With the terrible weather I've been spending a lot of time on the vise. My latest few creations. A tarpon toad on a 600sp, grass shrinp, a few foxy shrimp and a crab with a little deer hair on top.


----------



## salty_waders (Feb 13, 2006)

Well done! Gorgeous flies!


----------



## Big-Buck (Mar 26, 2012)

very nice toad, like the Sea Level sticker too


----------



## southpaw (Feb 25, 2009)

I like that grass shrimp. I bet it'll be money in the spring. I tie something similar but with a craft fur tail. 

The deer hair you add on that crab, is that for a weedguard? To make sure it sinks hook point up? How's the castability?


----------



## Xplorin08 (Jan 18, 2011)

I particularly like the last one - looks like it will trick even the spookiest of redfish!! Nicely done!

Agree that this weather is conducive to nothing more than sitting in front of a tv and getting creative with your fly tying skills!!


----------



## Erichugh22 (Mar 31, 2014)

Thanks guys, the deer hair on the crab is hopefully to act like somewhat of a weed guard, and for looks as well.
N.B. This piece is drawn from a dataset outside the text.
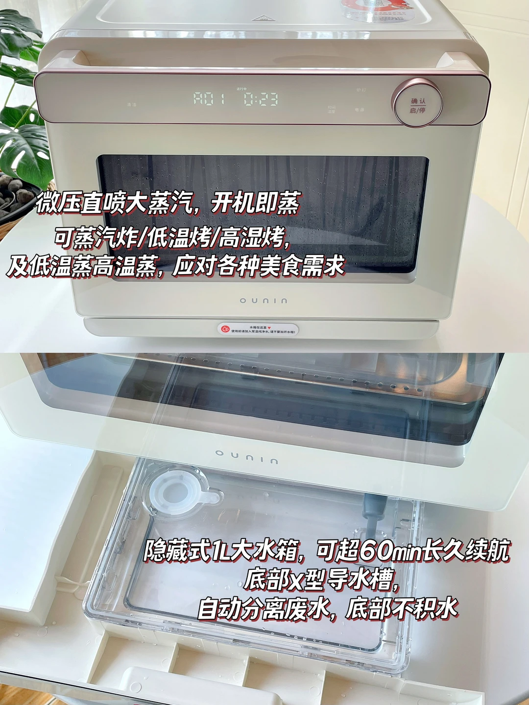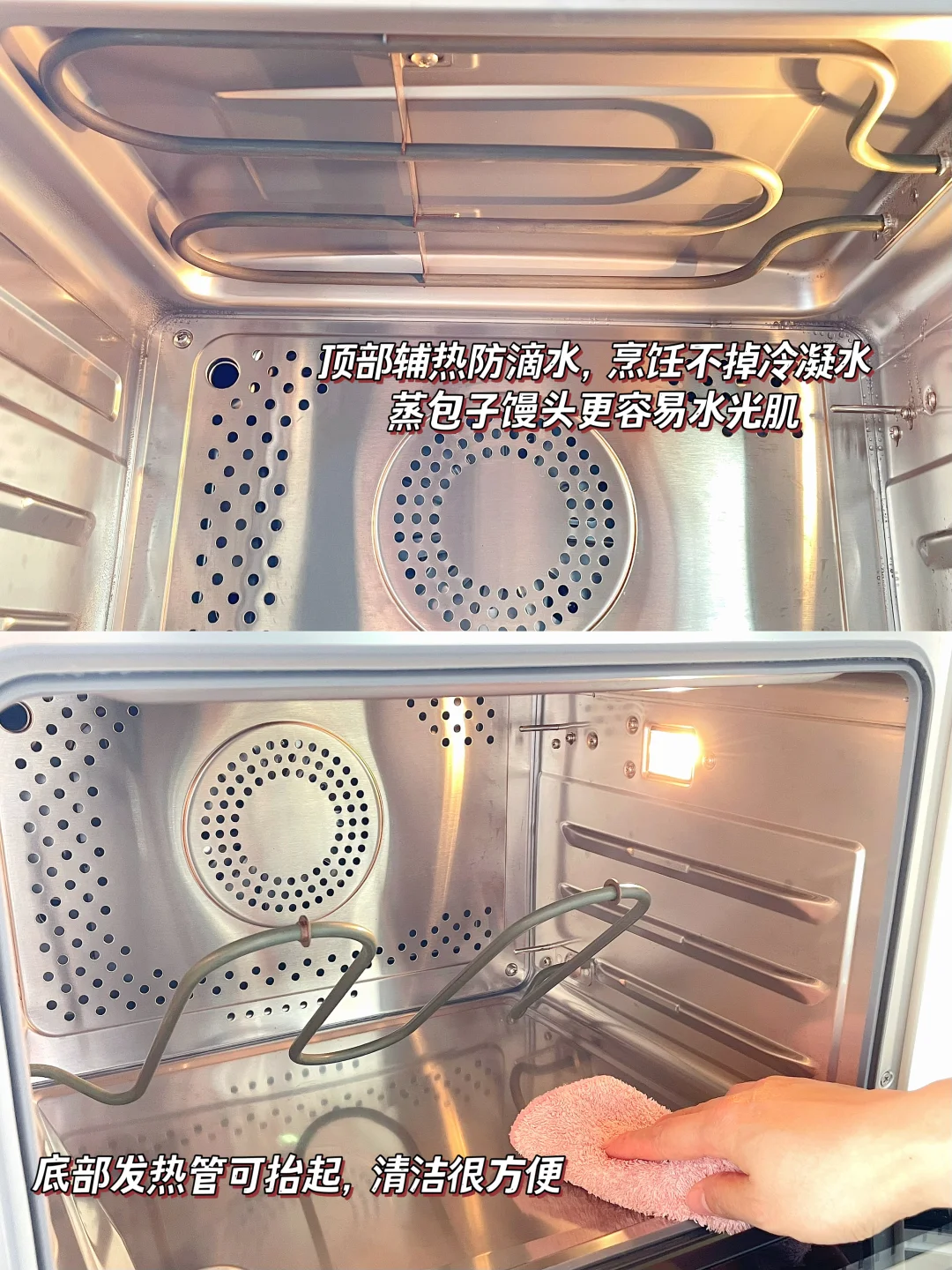 🌟蒸烤箱覆盖60~150℃宽域蒸汽,兼顾低温蒸、高温蒸,和蒸汽炸、低湿烤、高湿烤、蒸➕烤复合烹饪等,🌿微压直喷大蒸气15s快速出汽,蒸包子馒头不怕冷凝水,更容易蒸出水光肌。🔜背部风机3.0动态蒸汽循环,多层蒸也能均匀熟透更省时;蒸烤联合美味“时”半功倍,家用更省心

The little grass shrimp is killer on super skinny water redfish. One of my spots alot of times the redfish are so shallow half their backs are out of the water, anything big usually scares them. I tie one in pink as well that is killer up on the sand flats


----------



## southpaw (Feb 25, 2009)

This post inspired me to tie up some flies the other night.

Couple #4 cwabs









Another view









Small shrimp pattern I tie similar to that grass shrimp for challow redfish










Gotcha/ crazy charlie type pattern that I've had success with in shallow water and in the spring


----------